### DATA SEGMENT

________________________

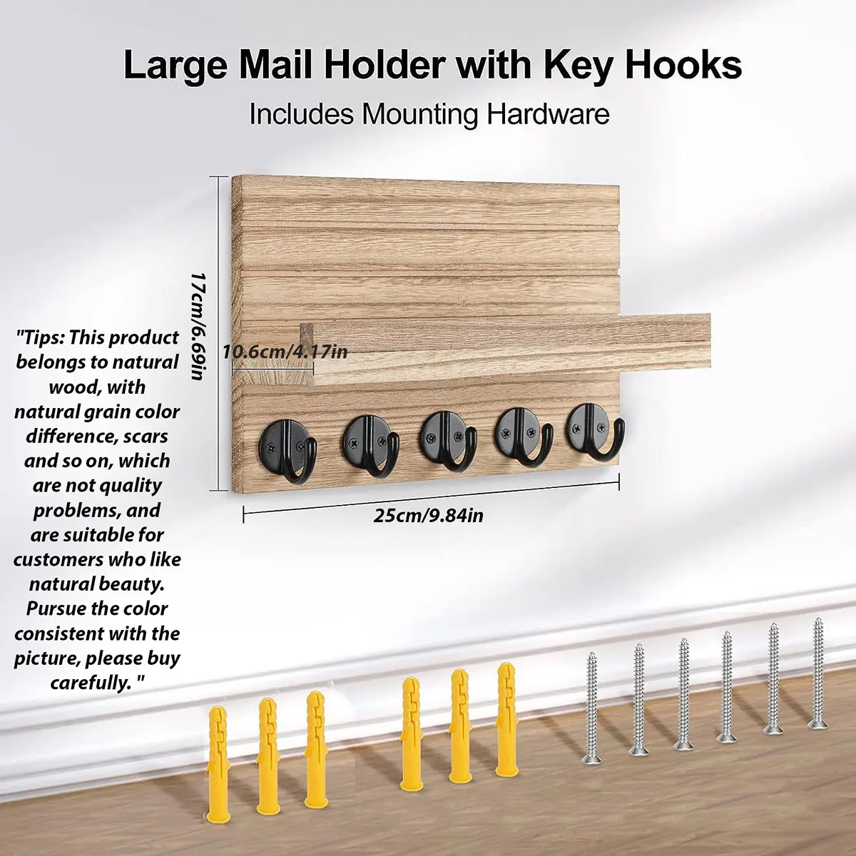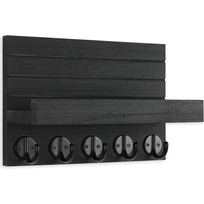 Key Holder for Wall, Decorative Key and Mail Holder with Shelf Has Large Hooks for Bags, Coats, Umbrella – Paulownia Wood Key Hanger with Mounting Hardware
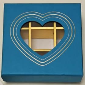 Blue Chocolate box divided into 9 with a transparent window in a heart pattern
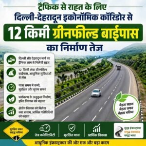ट्रैफिक से राहत के लिए दिल्ली-देहरादून इकोनॉमिक कॉरिडोर से 12 किमी ग्रीनफील्ड बाईपास का निर्माण तेज, एनएचएआई द्वारा 716 करोड़ रुपये की लागत से परियोजना निर्माणाधीन

________________________

### ABOUT THIS EXERCISE
For the data above, return an exact copy that contains no pictures.

### EXPECTED OUTPUT
 Key Holder for Wall, Decorative Key and Mail Holder with Shelf Has Large Hooks for Bags, Coats, Umbrella – Paulownia Wood Key Hanger with Mounting Hardware
 Blue Chocolate box divided into 9 with a transparent window in a heart pattern
ट्रैफिक से राहत के लिए दिल्ली-देहरादून इकोनॉमिक कॉरिडोर से 12 किमी ग्रीनफील्ड बाईपास का निर्माण तेज, एनएचएआई द्वारा 716 करोड़ रुपये की लागत से परियोजना निर्माणाधीन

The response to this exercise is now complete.